Family  incomes are on the rise in most of the region, official figures show – but at a slower pace than in most of the country.

Household disposable income per head crept up by just 0.8 per cent in the North-East between 2012 and 2013, below the one per cent rise across the United Kingdom.

And the North-East was left in the slow lane by both Scotland (up two per cent) and the West Midlands (up 2.3 per cent) as the economy bounced back, as well as by Yorkshire (up 1.4 per cent).

But households in London and the South-East (both up 0.6 per cent) saw incomes grow more slowly – even though overall growth was far higher than in the North-East in both areas.

The statistics also reveal striking local variations in the changes in gross disposable household income (GDHI), the amount available for spending or saving after taxes and benefits.

Incomes grew sharply in Darlington (3.5 per cent) and South Teesside (2.6 per cent) and were also up in North Yorkshire (two per cent) and Hartlepool and Stockton-on-Tees (1.9 per cent).

But growth was more sluggish in County Durham (1.3 per cent) – and fell markedly in both Sunderland (3.1 per cent) and York (3.3 per cent).
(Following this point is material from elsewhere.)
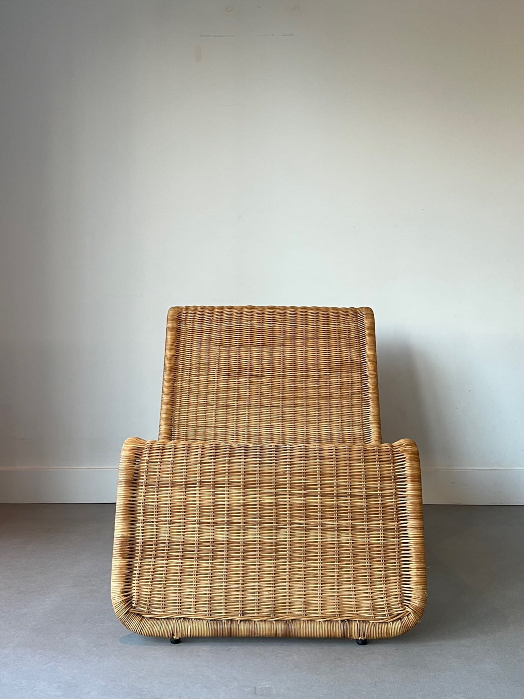 This stunning and very comfortable rattan lounge chair is called Hestra and was produced by Ikea around the same time (1982) as the of design of Tito Agnoli, the P3, made by Pierantonio Bonacina. This is more however is more sloping chair. The chair is made of a metal frame with woven wicker and was originally made for in- and outside use. It is in a good condition with some marks from age and use but no breaks in the wicker.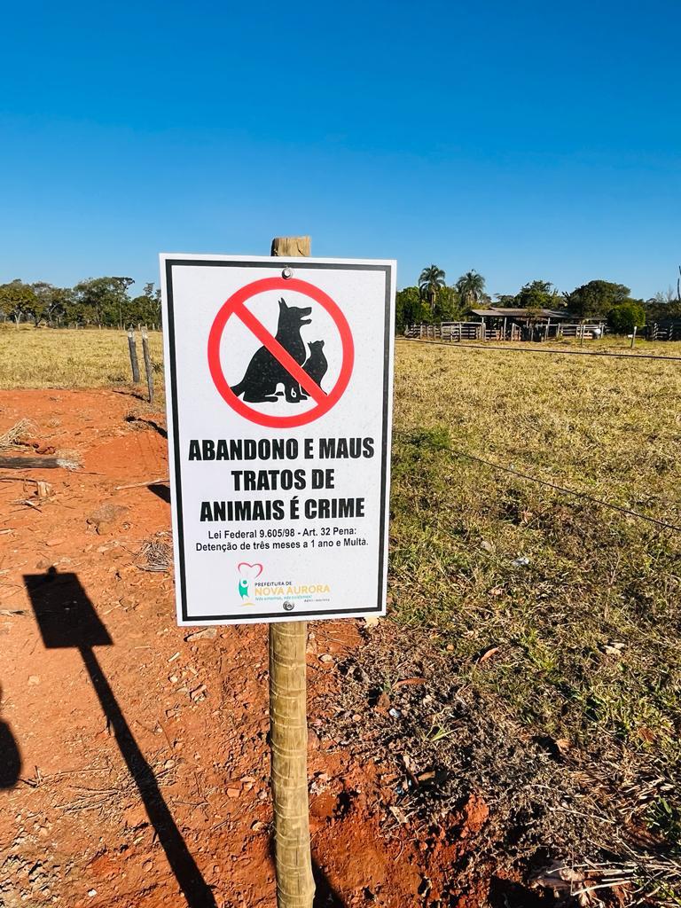 Placas instaladas pelas: prefeitura alerta sobre crime e pede apoio para evitar o abandono de animais

 And disposable incomes in the North-East are as little as one-third of those in the plushest parts of London, where the figures surged ahead between 2012 and 2013.

In Westminster, the average GDHI was £42,221 in 2013 – almost three times the figure of £14,659 in County Durham and the highest of 173 local areas analysed.

And incomes in Kensington and Chelsea/Hammersmith and Fulham (£42,116), Camden and City of London (£37,324) and Wandsworth (£35,237) were not far behind.

Matt Whittaker, chief economist at the Resolution Foundation think-tank, said:

“Regional inequalities have fallen since the crash, but the gap between the South East and the UK is stark.”

Experts believe disposal income – the amount people have to spend after the bills have been paid – is the best measure of the economic confidence of families and individuals.

The rising figures in most areas were thought to reflect low interest rates and low inflation offsetting disappointing wage rises, perhaps helping to return David Cameron to No.10 earlier this month.